Commented By: demostenes
On: May 14, 2012. 4:38 pm
Fantastic article... but he conveniently forgets to mention that this privatization has been widely questioned from all quarters in Peru, basically because they have not paid a dime to get all the assets from the former national port company of Callao, his company only put a promise to invest, "sometime" within the next 25 years (yes, I saw their presentation!), an ungulible amount of money... (hence the title "the port of The Future??).
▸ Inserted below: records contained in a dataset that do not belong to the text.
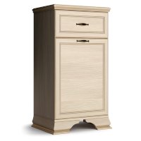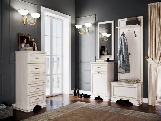 Мебель выпускается в классическом стиле с применением декоративных элементов в виде профиля, фигурных опор и золотого патинирования. В основе изделия высококачественное ЛДСП теплого оттенка «бодега белый», имеющего древесную текстуру. Лицевая фурнитура цвета «старая бронза» смотрится очень изысканно на фасадах изделия.
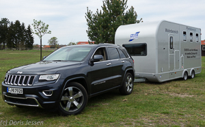 Wenn ein Auto einem Traum nahe kommt, dann ist es der Jeep Grand Cherokee in der luxuriösen Ausstattung „Overland“. Für Reiter und ihre teilweise gepäckreichen Reisen steht ein voluminöser Laderaum zur Verfügung, die Anhängerkupplung schwingt elektrisch aus ihrer Halterung und wer einen wirklich großen Anhänger mit mehr als drei Tonnen schleppen möchte: Bis zu 3,5 Tonnen Anhängelast sind für den Jeep mit seinem 3-Liter Sechszylinder Dieselaggregat kein Problem. Nur der Preis mag ein jähes Erwachen bringen: 65.900 Euro kostet die Overland-Ausstattung.
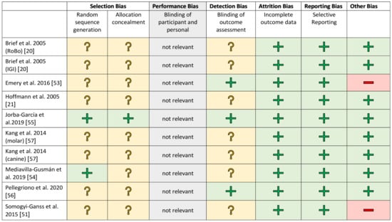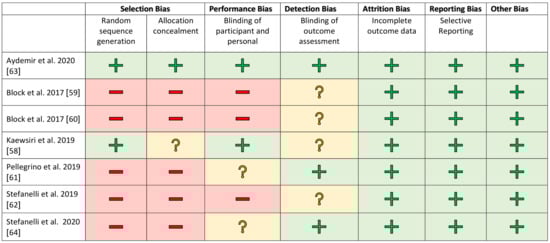 A blinded assessment was clearly described in only a few studies [58,63]. In the other works, this was recorded as an increased risk factor. All studies showed a low risk rating for attrition and reporting bias. The financial participation of an industrial partner was assessed as a further possible risk factor [51,53]. There was no evidence of financial support for the other studies.
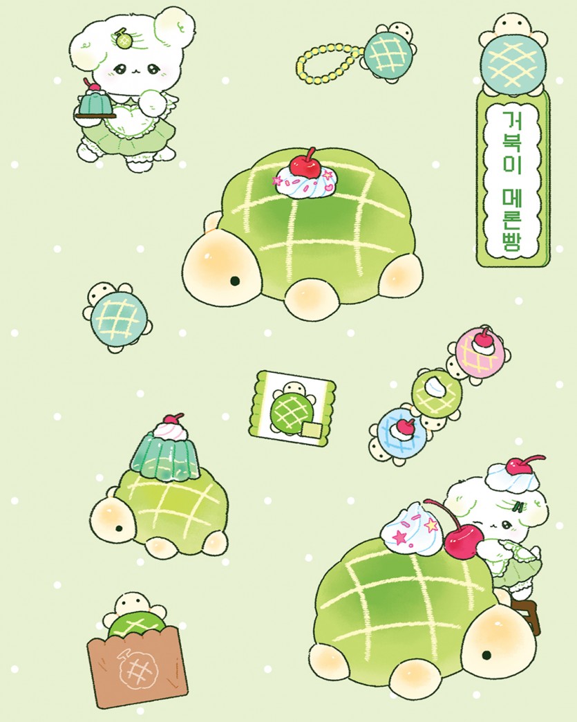 달콤한 거북이 메론빵을 만드는 몽몽이를 표현했습니다. 사랑스러운 그린으로 채색했습니다.
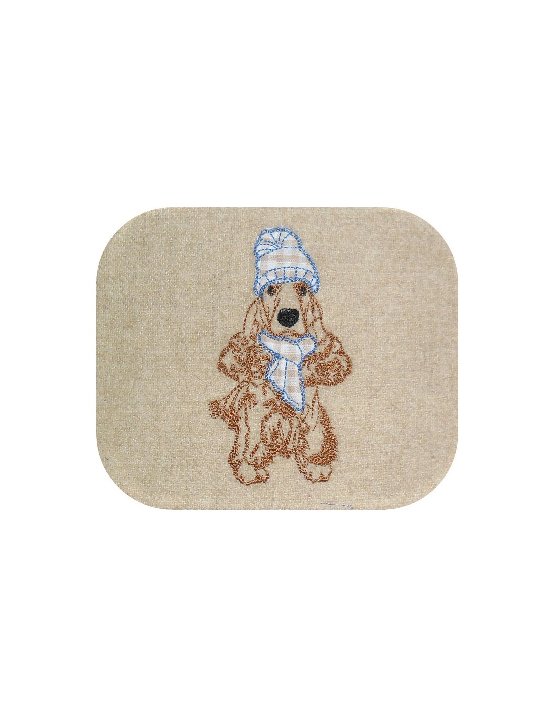 Voici un cocker croquis à broder sur de multiples créations avec son bonnet et son écharpe en appliqué
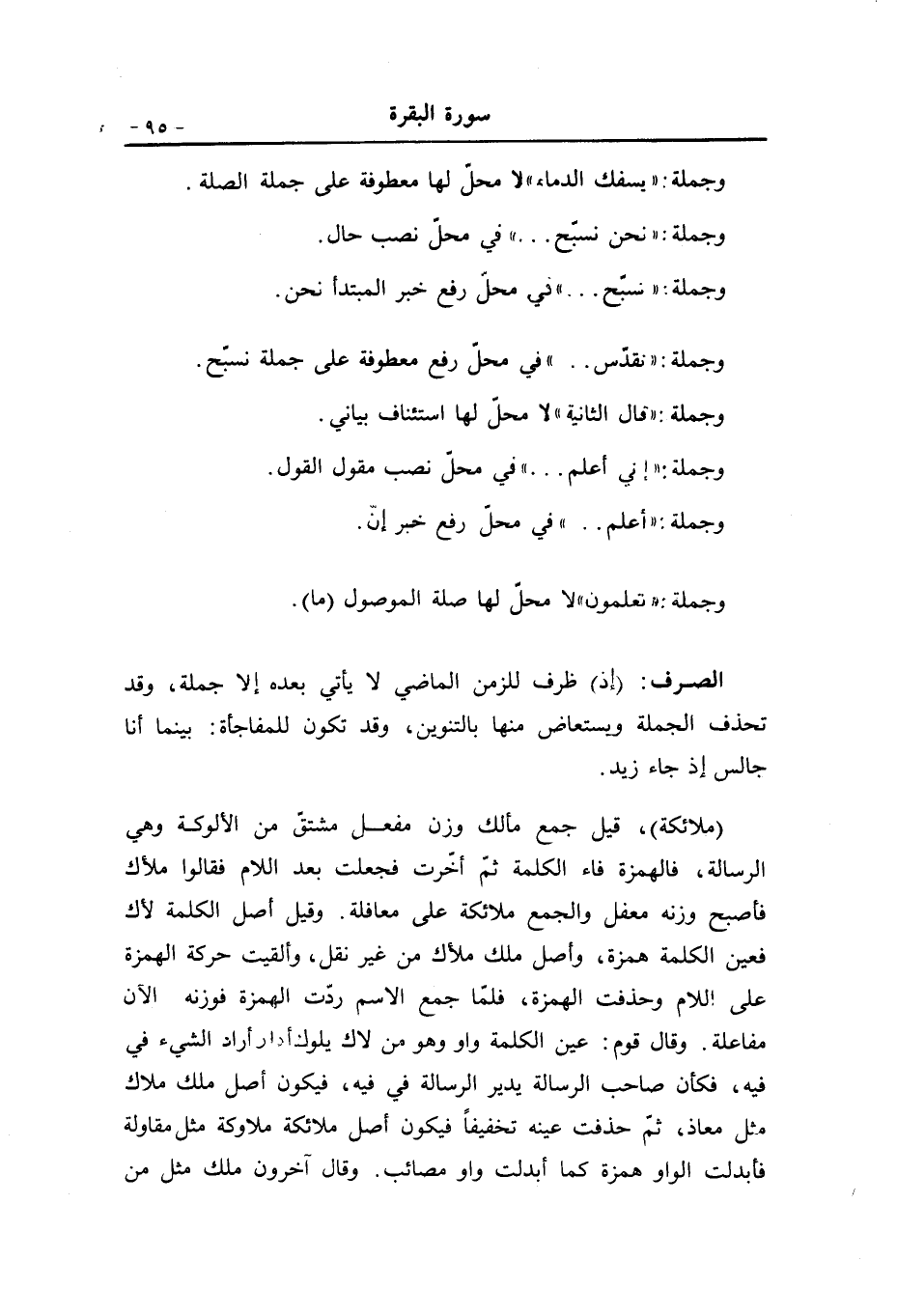 (ملائكة) ، قيل جمع مألك وزن مفعل مشتقّ من الألوكة وهي الرسالة، فالهمزة فاء الكلمة ثمّ أخّرت فجعلت بعد اللام فقالوا ملأك فأصبح وزنه معفل والجمع ملائكة على معافلة. وقيل أصل الكلمة لأك فعين الكلمة همزة، وأصل ملك ملأك من غير نقل، وألقيت حركة الهمزة على اللام وحذفت الهمزة، فلمّا جمع الاسم ردّت الهمزة فوزنه الآن مفاعلة. وقال قوم: عين الكلمة واو وهو من لاك يلوك أدار أراد الشيء في فيه، فكأن صاحب الرسالة يدير الرسالة في فيه، فيكون أصل ملك ملاك مثل معاذ، ثمّ حذفت عينه تخفيفا فيكون أصل ملائكة ملاوكة مثل مقاولة فأبدلت الواو همزة كما أبدلت واو مصائب. وقال آخرون ملك مثل من
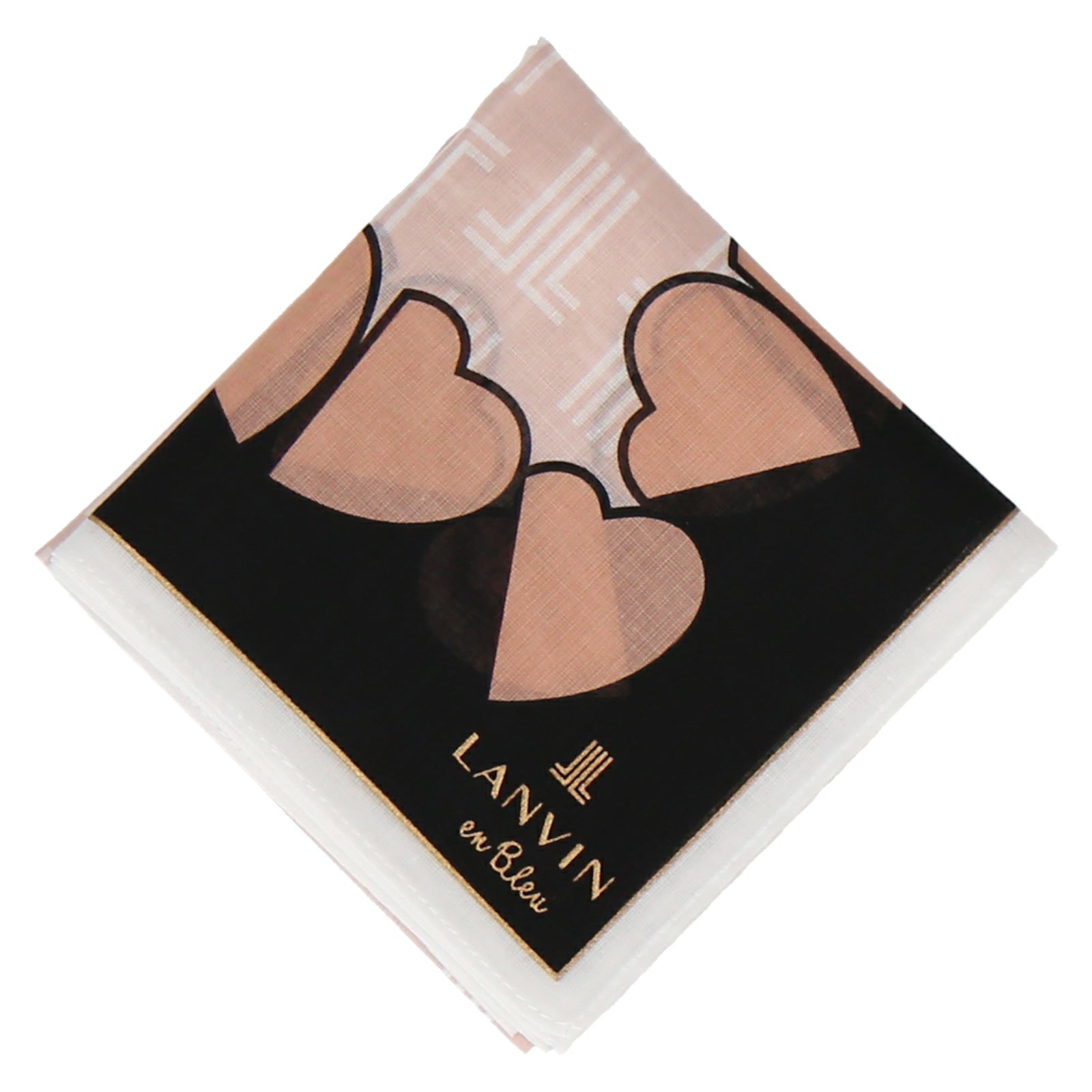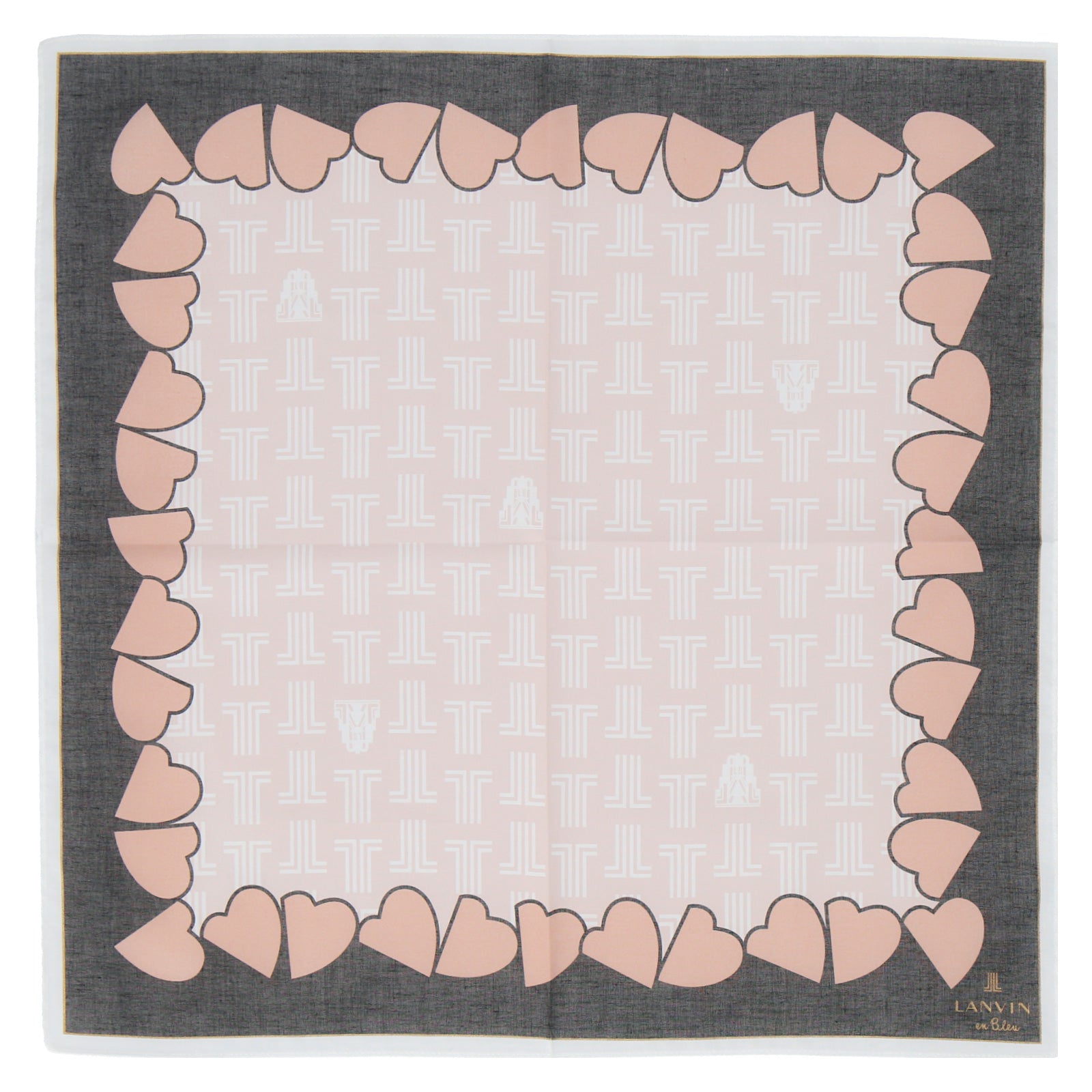 フレーム上に並んだカッティングハートの中に「ダブルJLマーク」の総柄がデザインされたプリントハンカチ。 総柄の中には、アールデコ建築からイメージされたモチーフを取り入れています。
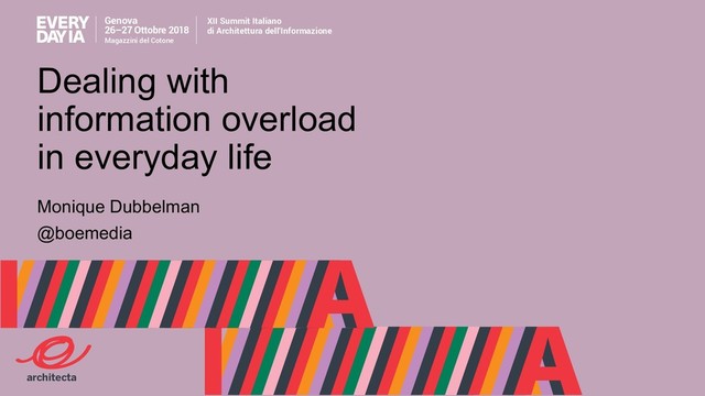 This talk discusses the role of information architecture in the information age: how can we help people deal with information overload? And how can we help them easily filter and distinguish what information is relevant and important?
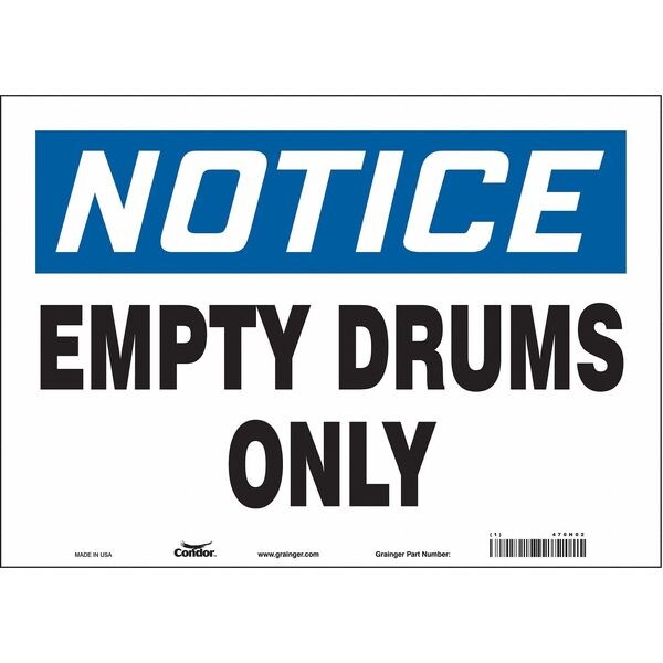 Safety Sign, Horizontal Rectangle, Number of Printed Sides 1, English, Sign Format Traditional OSHA, Sign Legend Empty Drums Only, Sign Legend Background Color White, Sign Legend Style Text
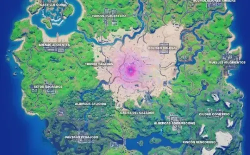 Si bien esta ubicación no tiene nombre, es el punto central del mapa de Fortnite. Está rodeado de arenas movedizas, donde si te quedas parado serás atraido y eliminado. Por el momento es una ubicación bastante chica y no causa efectos de baja gravedad como en temporadas pasadas, pero claro, apenas es el primer día y seguramente vaya expandiéndose con el correr de la temporada.
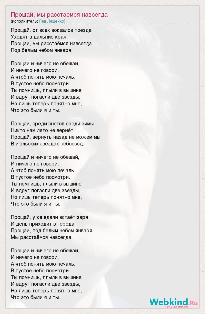 Прощай, от всех вокзалов поезда Уходят в дальние края, Прощай, мы расстаёмся навсегда Под белым небом января. Прощай и ничего не обещай, И ничего не говори, А чтоб понять мою печаль, В пустое небо посмотри. Ты помнишь, плыли в вышине И вдруг погасли две звезды, Но лишь теперь понятно мне, Что это были я и ты. Прощай, среди снегов среди зимы Никто нам лето не вернёт, Прощай, вернуть назад не можем мы В июльских звёздах небосвод. Прощай и ничего не обещай, И ничего не говори, А чтоб понять мою печаль, В пустое небо посмотри. Ты помнишь, плыли в вышине И вдруг погасли две звезды, Но лишь теперь понятно мне, Что это были я и ты. Прощай, уже вдали встаёт заря И день приходит в города, Прощай, под белым небом января Мы расстаёмся навсегда. Прощай и ничего не обещай, И ничего не говори, А чтоб понять мою печаль, В пустое небо посмотри. Ты помнишь, плыли в вышине И вдруг погасли две звезды, Но лишь теперь понятно мне, Что это были я и ты.
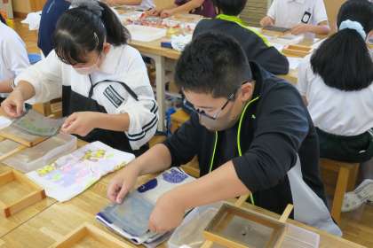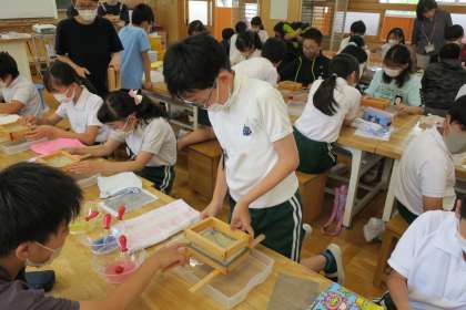 6年生が小原和紙の紙すき体験を行いました。小原和紙は室町時代から今日に受け継がれています。3月には小原和紙の卒業証書を受け取ります。体験を通して、その自覚が少し高まった気がします。
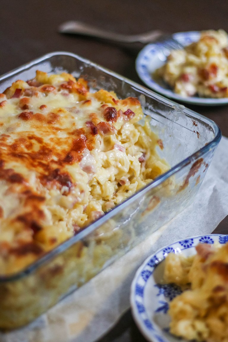- Drizzle the rest of The Plaza Premium Baked Ham then add a layer of the cheese mix.
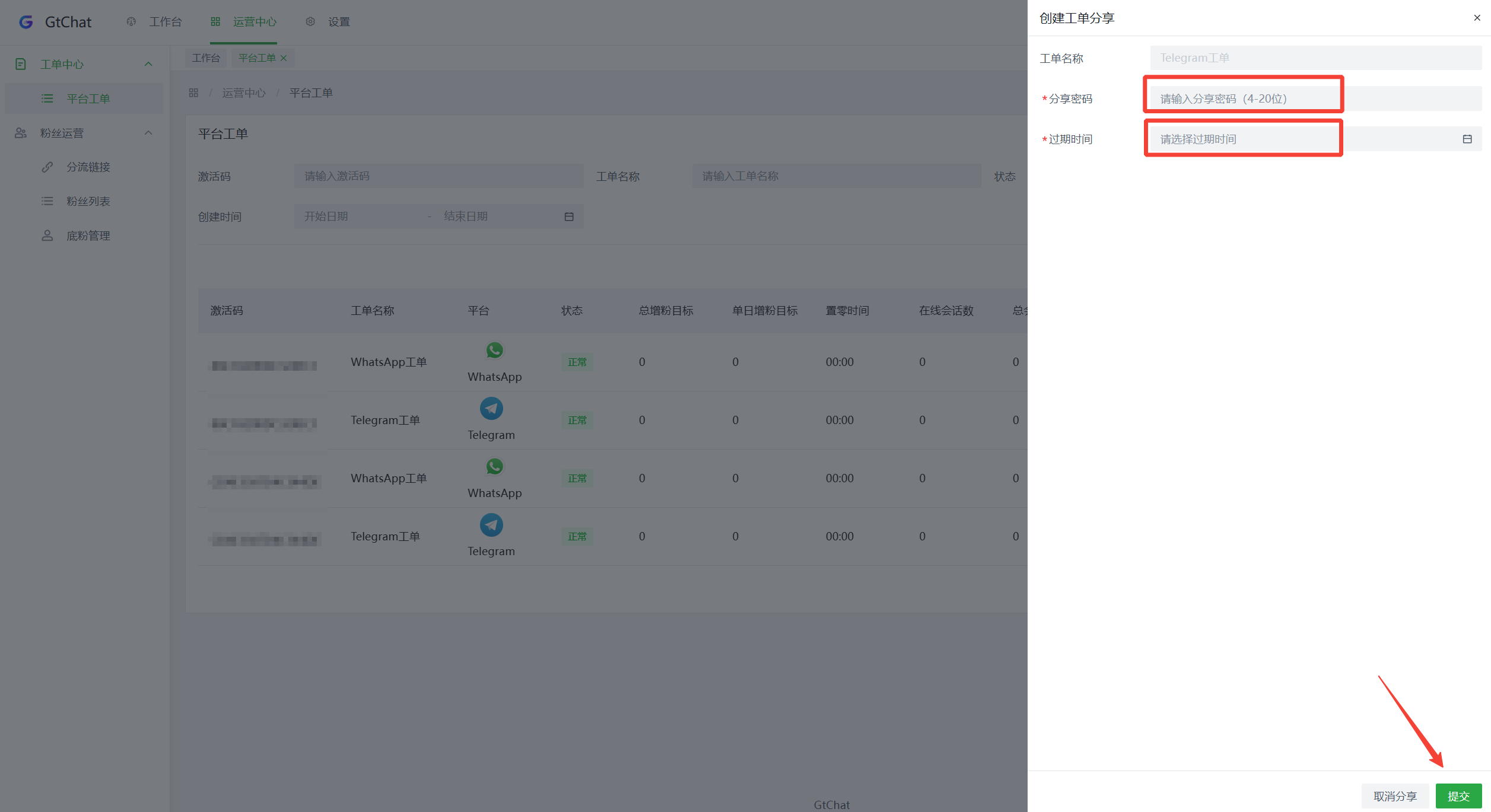 在平台工单点击【分享工单】设置密码和过期时间。点击【确定】
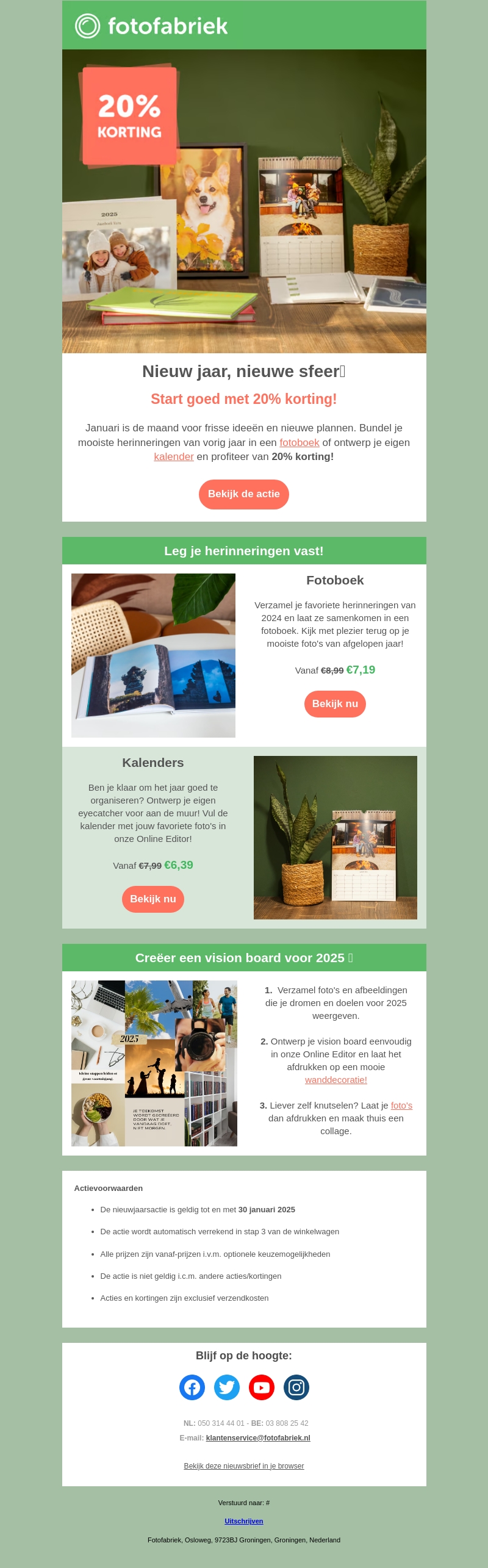 Begin het nieuwe jaar goed met een speciale aanbieding van Fotofabriek. Ontvang 20% korting op fotoboeken en kalenders. Bundel je mooiste herinneringen van vorig jaar in een prachtig boek of ontwerp een persoonlijke kalender. Deze aanbieding is geldig tot 30 januari 2025. Mis deze kans niet om je beste momenten te vereeuwigen!
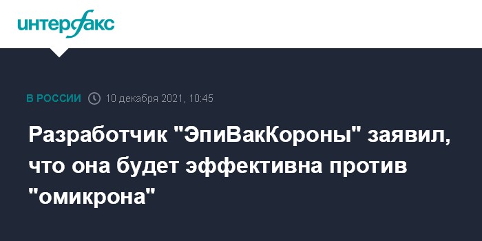 Москва. 10 декабря. INTERFAX.RU - Вакцина "ЭпиВакКорона" будет эффективна против "омикрон"-штамма коронавируса, на практике это проверят в ближайшее время, сообщил гендиректор центра "Вектор" Роспотребнадзора Ринат Максютов.

Also, he doesn't mention that as part of the package, they got a legal monopoly on grains and cars cargo, putting several local small stevedoring companies out of business overnight without compensation... the whole deal smells very fishy...(and it ain't the fish in the harbor!).
Commented By: JJCHAVEZ
On: May 14, 2012. 4:42 pm
a lot of talk about safety and other great things... but he doesnt mention the three union workers that have died in accidents since the company took over... one accident can happen, two is bad enough, three is a management fault!
Commented By: jimmyjames
On: May 14, 2012. 9:02 pm
"social RESPONSIBILITY". "SAYS" he listens..... WILL HE REPLY!?!?! The neighbors are SPEAKING
Commented By: Ronald
On: May 14, 2012. 9:13 pm
DPW (Muelle sur) moved 1.2 m TEU last year, APMT some 0.4 m. Total 1.6 m TEU. In 2006, container ships where bypassing Callao. In that year Callao moved 0.8 m TEU and was congested! In 4-5 years Callao will be moving some 4-5 million TEU and be the largest container port south of Panama! Can anyone imagine what the situation would be if ENAPU would still be managing Callao? Disaster!
Commented By: gongora.mb
On: May 17, 2012. 8:58 am
Thanks for your compliments towards Peruvians. We may be warmer than other Latinamericans mainly because we do not fear competition nor feel threatened by foreigners taking our jobs; unlike many of our regional neighbors, we are willing to share our knowledge and admit our limitations without any complex, and have a high teamworking spirit as long as we are treated with respect and consideration. WELCOME to the land of laborious people!!!
Commented By: leonori,
On: October 3, 2012. 1:11 pm
A GREAT WAY OF HAVING TALENTED AND GOOD PEOPLE IN PERU. WHAT A BLESSING, WE CAN ONLY BE THANKFUL.